Yet it isn’t Nemecia who grows up as an “extra child,” but Maria. The ravenous and dramatic Nemecia is the child indulged and favored by the adults. She terrifies Maria and tortures her in a variety of ways, yet when Nemecia turns sixteen and has bigger fish to fry than her little cousin, Maria finds that “instead of relief, [she feels] emptiness.” For Maria, Nemecia is glamorous and tragic; Maria’s envy of her cousin begins to poison her life. A family secret, distorted by Nemecia, is the basis of Maria’s lifetime imprisonment in the family. Nemecia moves to California, renames herself “Norma,” and lives with her mother, brother, and stepfather in a house where Spanish is never spoken. Nemecia/Norma is free to reinvent herself, while Maria is cursed by her search for the truth and by her envious need for her nemesis.
Another pair of girls, Uzoamaka, the narrator, and Eno, the daughter of a family servant, are at the center of Chinelo Okparanta’s “Fairness.” Both Eno and her mother have fair skin, while Uzoamaka and her school friends have skin “the color not of ripe pawpaw peels, but of its seeds.” She declares, “We are thirsty for fairness.” A school friend has lightened her skin with a special product, using household bleach instead of the cosmetics—Esoterica, Movate, Skin Success, Ambi—Uzoamaka’s mother brings home from her trips overseas in pursuit of fairness for herself and her daughter.
But there is bleach and there is bleach, and fairness can mean justice rather than skin color. The disaster that follows is about far more than color. The problematic reality of Uzoamaka’s dark skin is another hurdle to clear for her ambitious mother, who plans to send her to America and advises powder to “brighten” her up, while the lightness of the housegirl Ekaite’s skin doesn’t give her the power to defend herself against Uzoamaka.
Kristen Iskandrian’s “The Inheritors” is an alluring story, told by a narrator whose mother has died and father absconded to a condo in Florida; she’s adrift for the moment. “I like being sad,” she tells us in a long passage detailing what annoyed her about her fellow employee at Second Chances, a consignment store.
I like being sad, which mystified her; I like it until I reach the nadir where sadness changes, as if chemically, to repulsion and self-loathing, making me wish that I was “capable” of “handling” things instead of turning away from them in disgust until my disgust disgusts me, and my anger at my inadequacy as a human being angers me, and all of that pure, easy, delectable sorrow gets squandered. She refused, cheerfully, to understand this, and it wasn’t her refusal that was maddening but her cheer.
Their friendship develops, and the narrator’s illusion of mutual understanding grows.
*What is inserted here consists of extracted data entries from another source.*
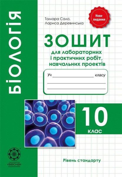 Біологія. 10 кл. Зошит для лаб. і практ. робіт + проекти 2021 – Сало Т. О. – ВЕСНА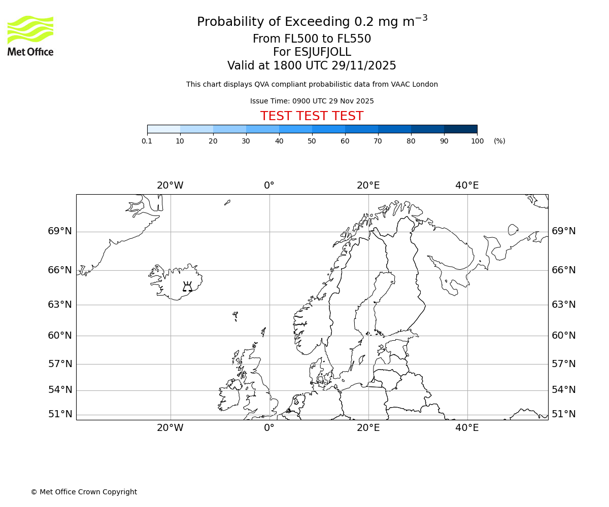 Modelled ash concentration from 000 to 200 for ESJUFJOLL. Valid at 0900 UTC 29/11/2025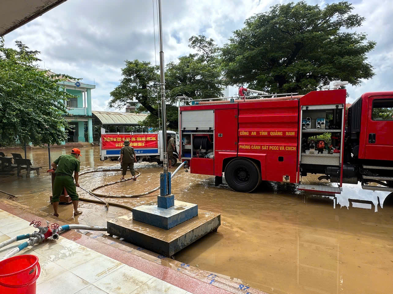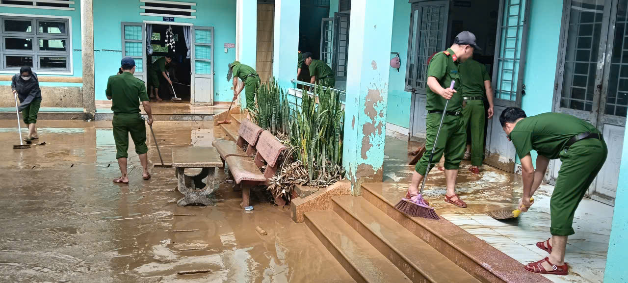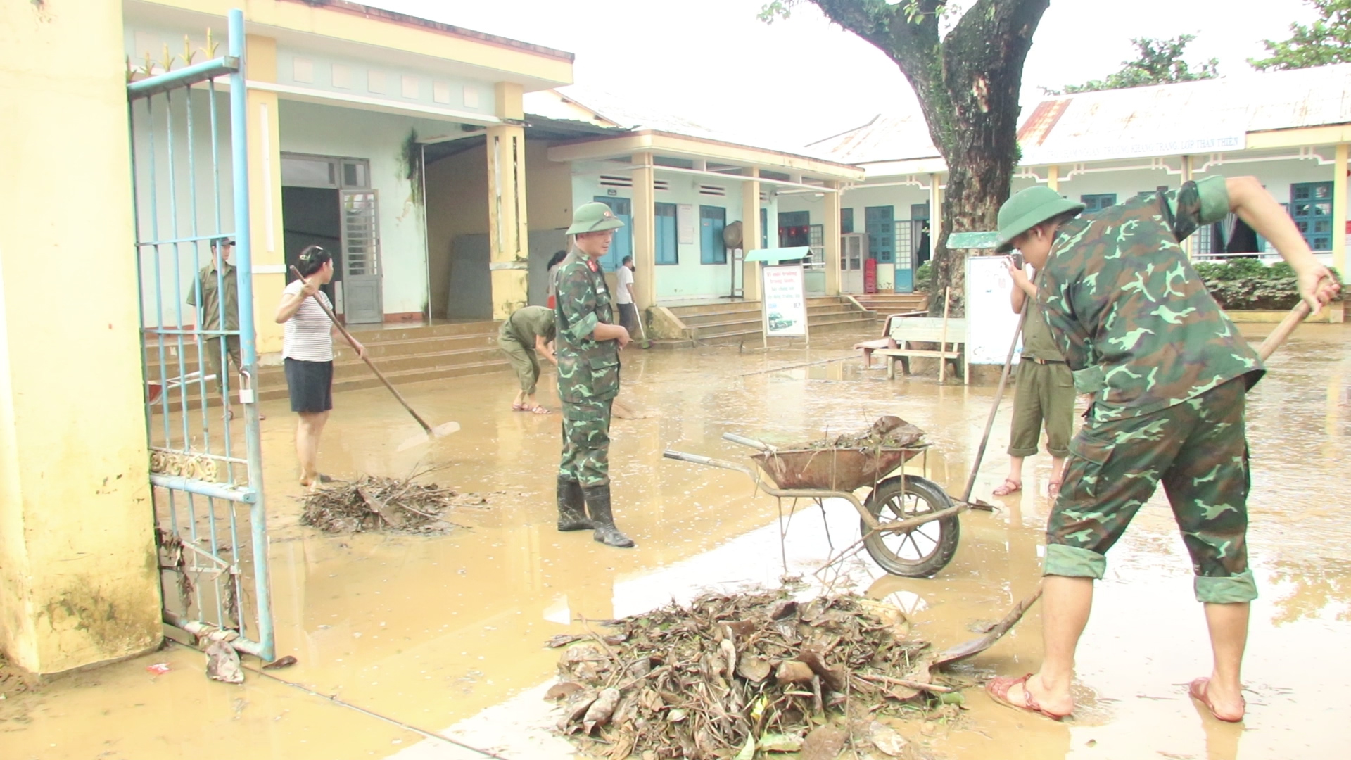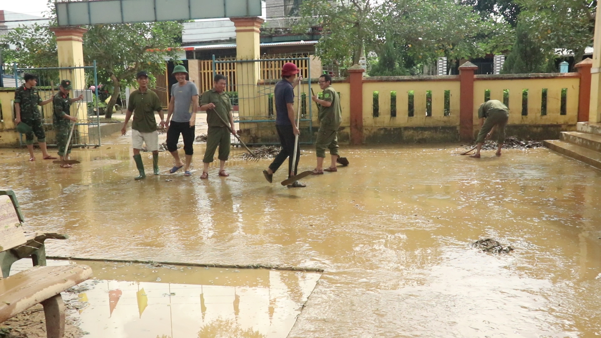 Trong sáng nay, các lực lượng tại chỗ của xã gồm công an, cán bộ, bộ đội, Ban công tác Mặt trận các thôn, cùng giáo viên và phụ huynh học sinh đã tích cực tham gia dọn bùn đất, thu gom rác thải, lau chùi bàn ghế, khử khuẩn khuôn viên, sắp xếp lại đồ dùng học tập bị ảnh hưởng sau mưa lũ.

It’s a time when she’s neither here nor there, and she’s lonely. Her friend from work is someone who’ll be there without her having to make arrangements for company, and someone about whom she’s curious. The coincidence of their jobs makes their friendship prematurely comfortable.
The silent partner in their troika is the consignment shop itself—a museum of the unwanted and the relinquished—and the hidden dramas performed there each day. Each woman has strong feelings about her personal possessions. For the narrator, the most important exist in her memory. Their weight on her is as heavy and awkward as carrying ten sets of the Encyclopaedia Britannica. The treasures her friend has collected are a sum greater than all of her parts. Once we see them in her apartment, we believe, as the narrator does, that this is a person anchored to the spot, but we also know, even if the narrator doesn’t, that here is a person who’ll never be fully known. The reader’s double knowledge is a tribute to Iskandrian’s talent and imagination. “The Inheritors” is juror James Lasdun’s favorite; his consideration of Kristen Iskandrian’s story is on pp. 335–37.
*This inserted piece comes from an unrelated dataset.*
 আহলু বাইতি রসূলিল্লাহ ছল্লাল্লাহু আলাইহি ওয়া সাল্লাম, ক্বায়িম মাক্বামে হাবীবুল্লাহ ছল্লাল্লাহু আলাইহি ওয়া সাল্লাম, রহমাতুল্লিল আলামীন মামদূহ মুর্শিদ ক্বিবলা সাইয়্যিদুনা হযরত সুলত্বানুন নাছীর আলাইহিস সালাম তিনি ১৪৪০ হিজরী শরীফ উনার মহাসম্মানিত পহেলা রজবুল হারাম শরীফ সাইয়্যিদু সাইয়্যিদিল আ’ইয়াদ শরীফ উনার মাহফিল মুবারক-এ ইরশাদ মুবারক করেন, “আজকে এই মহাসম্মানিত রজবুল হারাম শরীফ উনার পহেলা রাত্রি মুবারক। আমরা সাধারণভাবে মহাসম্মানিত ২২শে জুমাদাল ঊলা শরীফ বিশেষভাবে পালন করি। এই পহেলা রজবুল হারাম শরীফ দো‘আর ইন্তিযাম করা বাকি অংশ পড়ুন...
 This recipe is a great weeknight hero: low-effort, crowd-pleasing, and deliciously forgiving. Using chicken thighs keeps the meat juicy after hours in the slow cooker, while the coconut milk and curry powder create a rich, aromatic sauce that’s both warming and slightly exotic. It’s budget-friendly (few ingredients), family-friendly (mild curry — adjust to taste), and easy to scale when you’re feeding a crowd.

A more nefarious pair opens Dylan Landis’s “Trust” with an exchange of lies:
“We’re just practicing,” says Tina. “We’re just playing,” says Rainey. “We’re just taking a walk.” “Yeah, but we’re walking behind them,” says Rainey.
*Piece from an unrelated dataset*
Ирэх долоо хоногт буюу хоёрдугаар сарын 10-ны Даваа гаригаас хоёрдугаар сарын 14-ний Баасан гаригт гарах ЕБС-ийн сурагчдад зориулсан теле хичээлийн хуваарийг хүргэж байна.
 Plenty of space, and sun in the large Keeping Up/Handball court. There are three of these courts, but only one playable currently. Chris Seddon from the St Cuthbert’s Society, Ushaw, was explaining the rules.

They could just be playing. There’s something sweet about two girls walking along, playing or pretending to be “robber girls,” or so it seems until the story opens to reveal the darkness of sexual abuse and the presence of a gun. There’s another dangerous element at work, but it’s shoved to the side. When a remark of Tina’s offends her friend, it might seem no more than a momentary insensitivity, easily forgiven, if Landis didn’t follow her remark and immediate apology with a description of the gun.
“Inside Rainey’s purse, the gun beats like a heart.” The gun is alive and vaguely sexual. There’s something wrong with these girls, the reader senses, a mixture of all three elements of danger: the secret of sexual abuse, the presence of the gun, and their unexplored, explosive friendship. Rainey and Tina’s criminal debut isn’t on the scale of Bonnie and Clyde’s, but it’s a devastation made vivid by Landis’s writerly skill and patience.
The Canadian writer Clark Blaise theorized that short stories reverse from beginning to end; what begins with smiles will end in tears. William Trevor’s story about Cecilia Normanton, “The Women,” begins with a description of the 1980s as “listless,” a word that also describes the obedient and ignorant heroine, about whom we learn in the same sentence that she knew “her father well, her mother not at all.”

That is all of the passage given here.